To the Roman or Greek woman, Paul’s teachings meant freedom. Today the world views Biblical values as constraining. Paul’s instructions in Ephesians 5: 21-32 were nothing short of revolutionary. Submit to one another, equally, mutually. Her husband was to treat her as he would his own body. That statement alone, in the context of sexual freedom for men to have relations with anyone of any age they chose, was exactly opposite of Roman culture. Men and women who came to Christ found great freedom within their marriages, fidelity, growing together as human beings and also in Christ, faithful and free to know their spouse fully and deeply in every way. The gospel was liberating for them. It defined from creation’s example, their purpose, who they could be with their Creator, individually and within the marriage, which He Himself had invented when He brought Eve to Adam.
Paul and Peter told the husbands to treat the wives like they treat themselves. Peter said to ‘assign honor’ to the wife in I Peter 3: 7, and to be tender hearted towards them. To a Roman woman, this was a breath of fresh air! This was empowering. Liberating. No longer merely objects of sexual pleasure with little say in the matter; Christ gave them honor, respect, as an equal partner in marriage. Paul said for the husband to love his wife like Christ did for the church, laying down his (His) life for us, so too is a husband to treat his wife like that.
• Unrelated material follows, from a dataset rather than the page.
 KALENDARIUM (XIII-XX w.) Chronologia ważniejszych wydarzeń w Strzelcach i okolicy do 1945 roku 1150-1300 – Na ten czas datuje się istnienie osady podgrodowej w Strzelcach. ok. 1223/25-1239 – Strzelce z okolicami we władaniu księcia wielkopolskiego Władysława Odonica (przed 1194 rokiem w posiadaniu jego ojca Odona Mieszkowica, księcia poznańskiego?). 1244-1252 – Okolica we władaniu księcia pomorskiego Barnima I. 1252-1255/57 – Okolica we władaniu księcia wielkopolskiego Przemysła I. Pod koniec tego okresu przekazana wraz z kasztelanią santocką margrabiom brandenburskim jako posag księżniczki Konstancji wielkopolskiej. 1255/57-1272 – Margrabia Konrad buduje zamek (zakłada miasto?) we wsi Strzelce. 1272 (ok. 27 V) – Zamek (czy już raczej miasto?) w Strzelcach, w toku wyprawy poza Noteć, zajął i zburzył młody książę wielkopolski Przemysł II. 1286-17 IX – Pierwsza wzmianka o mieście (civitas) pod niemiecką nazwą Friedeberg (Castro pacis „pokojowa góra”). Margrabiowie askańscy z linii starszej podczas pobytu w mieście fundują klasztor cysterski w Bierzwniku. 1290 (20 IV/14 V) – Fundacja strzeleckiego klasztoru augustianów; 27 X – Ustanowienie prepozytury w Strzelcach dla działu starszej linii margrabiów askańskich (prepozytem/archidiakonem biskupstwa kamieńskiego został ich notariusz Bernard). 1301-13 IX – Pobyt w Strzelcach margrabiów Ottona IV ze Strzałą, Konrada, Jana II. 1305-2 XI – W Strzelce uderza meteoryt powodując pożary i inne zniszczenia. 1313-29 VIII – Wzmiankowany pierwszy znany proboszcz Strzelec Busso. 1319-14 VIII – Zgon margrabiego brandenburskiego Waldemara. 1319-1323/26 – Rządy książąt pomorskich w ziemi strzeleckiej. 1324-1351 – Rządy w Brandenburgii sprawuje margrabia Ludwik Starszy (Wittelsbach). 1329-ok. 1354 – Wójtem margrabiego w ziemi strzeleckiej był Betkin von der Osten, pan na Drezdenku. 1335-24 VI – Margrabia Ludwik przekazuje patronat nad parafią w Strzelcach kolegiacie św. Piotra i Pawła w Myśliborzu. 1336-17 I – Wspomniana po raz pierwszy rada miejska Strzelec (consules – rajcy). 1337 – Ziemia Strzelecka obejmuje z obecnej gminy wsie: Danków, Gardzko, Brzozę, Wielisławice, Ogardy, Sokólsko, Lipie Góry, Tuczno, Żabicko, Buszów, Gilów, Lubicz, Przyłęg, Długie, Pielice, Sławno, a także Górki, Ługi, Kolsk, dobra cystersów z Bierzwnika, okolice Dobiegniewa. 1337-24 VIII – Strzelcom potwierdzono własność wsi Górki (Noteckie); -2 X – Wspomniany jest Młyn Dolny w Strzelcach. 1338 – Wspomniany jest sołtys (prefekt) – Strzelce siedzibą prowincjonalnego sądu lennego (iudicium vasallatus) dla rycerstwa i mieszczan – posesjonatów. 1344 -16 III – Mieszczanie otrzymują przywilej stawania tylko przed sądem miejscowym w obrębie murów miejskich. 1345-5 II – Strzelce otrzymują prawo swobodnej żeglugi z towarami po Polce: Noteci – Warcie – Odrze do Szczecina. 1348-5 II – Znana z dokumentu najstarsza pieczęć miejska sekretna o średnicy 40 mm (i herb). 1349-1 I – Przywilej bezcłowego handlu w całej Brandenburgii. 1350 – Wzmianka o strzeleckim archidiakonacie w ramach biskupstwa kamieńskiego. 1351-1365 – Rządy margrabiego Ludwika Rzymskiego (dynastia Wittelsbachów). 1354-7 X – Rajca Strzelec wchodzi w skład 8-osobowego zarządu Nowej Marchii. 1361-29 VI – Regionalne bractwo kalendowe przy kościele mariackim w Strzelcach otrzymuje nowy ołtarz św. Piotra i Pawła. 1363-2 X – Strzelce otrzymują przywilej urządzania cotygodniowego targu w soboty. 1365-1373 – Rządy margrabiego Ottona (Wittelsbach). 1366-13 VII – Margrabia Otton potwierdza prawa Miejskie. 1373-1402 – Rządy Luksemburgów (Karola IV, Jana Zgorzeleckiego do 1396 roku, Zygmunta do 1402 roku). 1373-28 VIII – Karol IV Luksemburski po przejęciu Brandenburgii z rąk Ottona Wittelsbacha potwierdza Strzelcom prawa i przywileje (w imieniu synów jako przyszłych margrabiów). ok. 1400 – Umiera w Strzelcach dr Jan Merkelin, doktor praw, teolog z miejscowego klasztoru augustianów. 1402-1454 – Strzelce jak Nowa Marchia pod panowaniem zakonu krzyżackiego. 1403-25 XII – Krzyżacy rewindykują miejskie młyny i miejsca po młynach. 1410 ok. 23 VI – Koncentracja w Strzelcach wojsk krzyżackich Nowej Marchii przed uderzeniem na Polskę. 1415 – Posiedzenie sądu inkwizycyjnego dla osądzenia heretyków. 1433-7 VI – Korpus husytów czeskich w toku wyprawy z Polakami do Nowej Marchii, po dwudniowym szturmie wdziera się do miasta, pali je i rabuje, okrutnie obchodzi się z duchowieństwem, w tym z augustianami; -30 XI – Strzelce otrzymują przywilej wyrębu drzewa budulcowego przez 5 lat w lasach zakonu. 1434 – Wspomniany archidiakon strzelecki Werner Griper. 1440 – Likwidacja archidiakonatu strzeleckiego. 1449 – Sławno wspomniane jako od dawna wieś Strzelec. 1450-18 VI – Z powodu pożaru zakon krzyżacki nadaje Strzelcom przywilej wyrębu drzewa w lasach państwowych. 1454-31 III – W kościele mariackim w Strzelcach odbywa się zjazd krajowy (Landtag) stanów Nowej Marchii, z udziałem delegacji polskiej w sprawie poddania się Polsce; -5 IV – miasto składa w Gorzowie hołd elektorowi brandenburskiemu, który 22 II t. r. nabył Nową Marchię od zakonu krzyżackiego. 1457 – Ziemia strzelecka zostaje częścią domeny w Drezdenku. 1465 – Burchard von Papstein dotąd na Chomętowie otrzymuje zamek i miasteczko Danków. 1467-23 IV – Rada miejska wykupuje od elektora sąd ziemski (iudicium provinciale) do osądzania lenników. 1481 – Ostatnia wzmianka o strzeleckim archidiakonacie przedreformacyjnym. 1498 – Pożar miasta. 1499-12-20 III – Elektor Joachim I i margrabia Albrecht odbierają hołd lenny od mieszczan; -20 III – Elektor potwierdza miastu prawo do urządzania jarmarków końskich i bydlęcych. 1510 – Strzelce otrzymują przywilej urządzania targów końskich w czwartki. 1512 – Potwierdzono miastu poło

I read an ancient Roman comment from those days that said Christian women were easy to identify because they didn’t walk 2 steps behind their husband like non-Christian women did; they walked side by side with them.
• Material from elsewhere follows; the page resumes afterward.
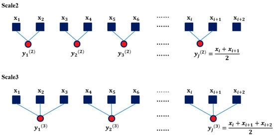 The “coarse-graining” process is based on the scale factor of the segment windows, calculating the average of the data points for each segment window and forming a new time series, called the coarse-grained time series (see Figure 5). Each element of the new coarse-grained time series, , is calculated according to

The gospel had wide-spread acceptance from family to family in large part because the Christian teaching of equality for men and women and how sex is a type of Christ and the church and not degraded to simply fulfill selfish lusts. The reordering of their understanding of sex within the bounds of marriage changed family culture and the ‘atmosphere’ of the family in a way that made Christians very unique indeed.
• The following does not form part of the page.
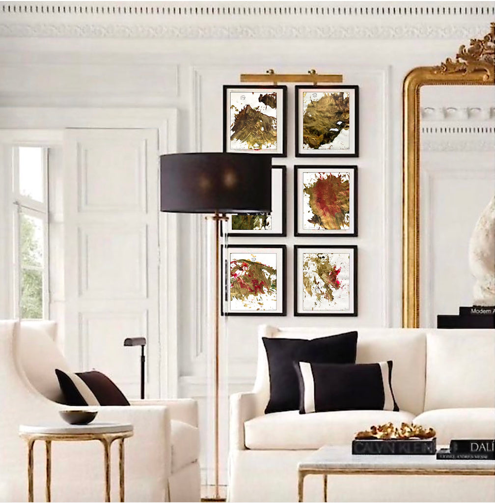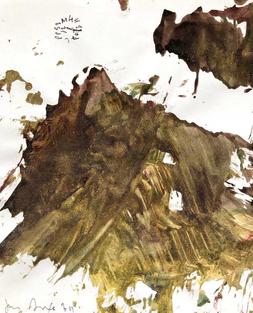 Mixed technique: Acrylic, ink, gold pigment, glue on paper

In Biblical and historical context, we cannot separate the gospel from sex. God takes the unsaved who are living according to their most base animal instincts, and elevates them to oneness in Christ, and that demonstrated within a marriage where they live out that oneness of body, soul, and spirit. Whether single or married, teen or adult, they can see what God teaches. Modern culture has perverted true Biblical understanding of marriage and sex to make it seem like bondage, especially for the wife, in an effort to paganize sex once again.
Consider still more…
In the opening pages of Genesis we see the man Adam in two beings, united and one in the Lord God their Creator. Remember, they were called Adam in the day they were created, and she wasn’t named Eve until after sin came. (Genesis 3: 20; 5:2)
We see them being put in charge of a ‘Garden’, which means work was part of the divine order as well. In its proper context, working is part of God’s plan that both provides for our lives and also causes us to depend on Him. The Jewish prayer before a meal starts by acknowledging the God of the universe, our Creator, who supplies the food, drink, bread, etc…that we are about to consume.
We work for ourselves and our family, to provide for them as Christ provides us a home in His ‘Garden’, heaven. The Tree of Life is mentioned as being in the Garden of Eden and also in heaven in The Revelation 2;7, 22: 2, 14 – Eden was the perfect example and demonstrates things are going to a full circle of completion. Sexual relations between husband and wife right at the start, demonstrated oneness in Christ in a safe and secure home, and is a type of our eternal home and oneness with Christ.
By not including proper sexual understanding as part of the gospel message, the church has abdicated its responsibility to the world, and they are are loudest and largest voice out there.